Anemoside B4 suppressed TNBS-induced inflammation

H&E staining showed that the colon tissues of the rats in TNBS-induced groups had pathological structures, including obvious infiltration of inflammatory cells, epithelial cell damage and apoptosis. There was marked difference in pathological score between the normal group and TNBS group. However, anemoside B4 relieved all pathological changes and score in a dose-dependent manner (Fig. 2a and b).

Fig. 2
figure 2

Anemoside B4 ameliorates inflammatory response of TNBS-induced colitis in rats. a Serial sections of colon tissues were stained with hematoxylin and eosin (H&E). Black arrows indicated the apoptosis cells. Colon histology was examined by H&E staining of paraffin-embedded sections in vehicle and TNBS-treated rats on the 8th day after TNBS administration. Scale bars: 100 µm. b Histological scores. c IL-6, d TNF-α, and e IL-1β were measured by ELISA. Data were shown as mean ± SD (n = 3). ##: P < 0.01, vs. vehicle group. *: P < 0.05, **: P < 0.01 vs. TNBS group

TNBS-induced acute colitis maintains many pathological features of human colitis, especially increasing type I inflammatory response and helper T cell 1 (Th1)-related cytokines, such as TNF-α or interferon-γ (IFN-γ). During inflammation, monocytes are recruited to inflamed sites and lymphoid tissues, where macrophage differentiation plays an important role during the beginning and resolution of inflammatory processes [22]. Therefore, we measured the effect of anemoside B4 on immune cell infiltration and inflammatory cytokine expression in rats with TNBS-induced acute colitis. Compared with the rats in vehicle group, those exposed to TNBS had significantly (P < 0.05) increased levels of colonic pro-inflammatory cytokines and chemokines, including IL-6, TNF-α, and IL-1β. However, anemoside B4 significantly reduced the levels of these colonic pro-inflammatory cytokines (Fig. 2c–e).
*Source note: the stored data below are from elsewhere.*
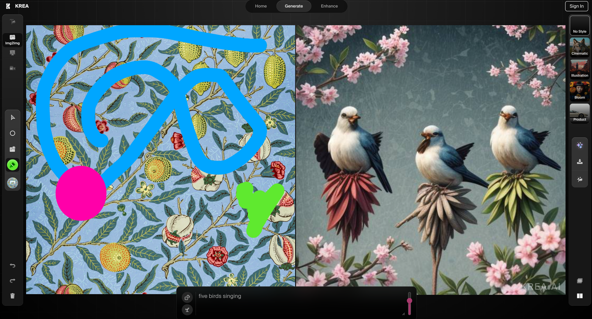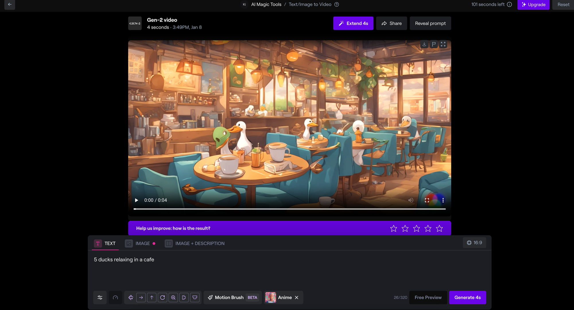 Since we got very used to ChatGPT's conversational flow, it's almost a given that we are expecting immediate results when generating with AI – speed is becoming more and more of an important factor. I was particularly impressed by the fastness of these two tools: KREA interprets your mixed-media visuals in real-time, generating a new version with each edit you do. Or, maybe you want to have your own Hollywood moment? Hop into Runway and generate a movie trailer in seconds with their highly customizable prompting system.
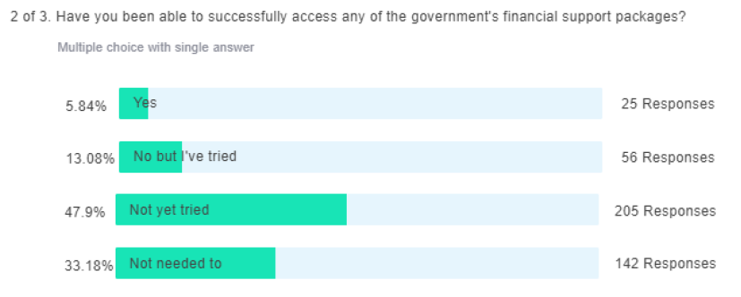 Only 5.84% have needed the support already and successfully applied, while 13% said they have tried to access it but have not been successful.
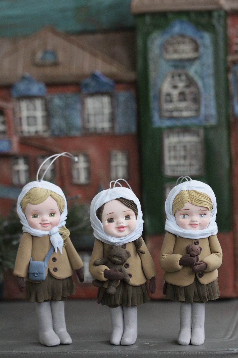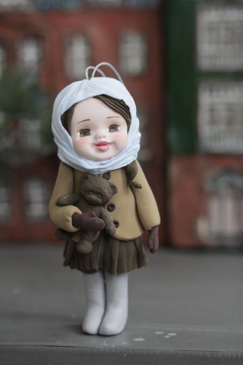 Ёлочная игрушка Девочка-пупсик в платочке с мишкой

Anemoside B4 suppressed TNBS-induced proliferation and apoptosis

Next, we explored the effects of anemoside B4 on the proliferation and apoptosis induced by TNBS. Normal colonic epithelial cells have regenerative proliferation indicated by green EdU stain. More EdU stained spots were observed in vehicle samples. However, TNBS decreased EdU stained spots, suppressing the ability of regenerative proliferation. However, anemoside B4 partially restored the ability of regenerative proliferation (Fig. 3a–b).

Fig. 3
figure 3

Inhibitory effect of anemoside B4 on the proliferation, apoptosis or inflammation induced by TNBS or LPS. Sections of colon tissue (n = 3) were immunostained with Edu and observed by confocal laser-scanning microscope. b Fluorescence intensity of Edu stained points. c Sections of colon tissue were immunostained with TUNEL and observed by confocal laser-scanning microscope. d Fluorescence intensity of TUNEL stained points. e p53, Bcl-2, Bax and cleaved caspase 3 was measured by Western blotting. f Statistical analysis of p53, Bcl-2, Bax and cleaved caspase 3 protein level. g LPS-induced NF-κB activation. Caco-2 cells were treated with anemoside B4 as indicated concentration and LPS (1 µg/ml) for 60 min. Cells were harvested and total cell extracts were prepared. p-ERK, p-JNK, p-p38 and p65 were detected by Western blotting analysis. Total ERK, JNK, p38, p65 and GAPDH were used as internal standards. Each experiment was repeated for three times. h Western blotting analysis of proteins in the MAPK/NF-κB pathway. #: P < 0.05, ##: P < 0.01, ###: P < 0.001 vs. control group. *: P < 0.05, **: P < 0.01 vs. TNBS group

It has been previously reported that TNBS-induced colitis is associated with apoptosis of the colonic epithelial cells and its toxicology is thought to be related to the induction of apoptosis and the destruction of the intestinal mucosal barrier [23, 24]. In IBD, there are high levels of apoptosis in the intestinal epithelium of patients [25, 26]. The increased number of apoptotic epithelial cells and elevated Bax but attenuated Bcl-2 during active colitis may lead to a defective epithelial barrier and result in pathogenic microorganism infiltration.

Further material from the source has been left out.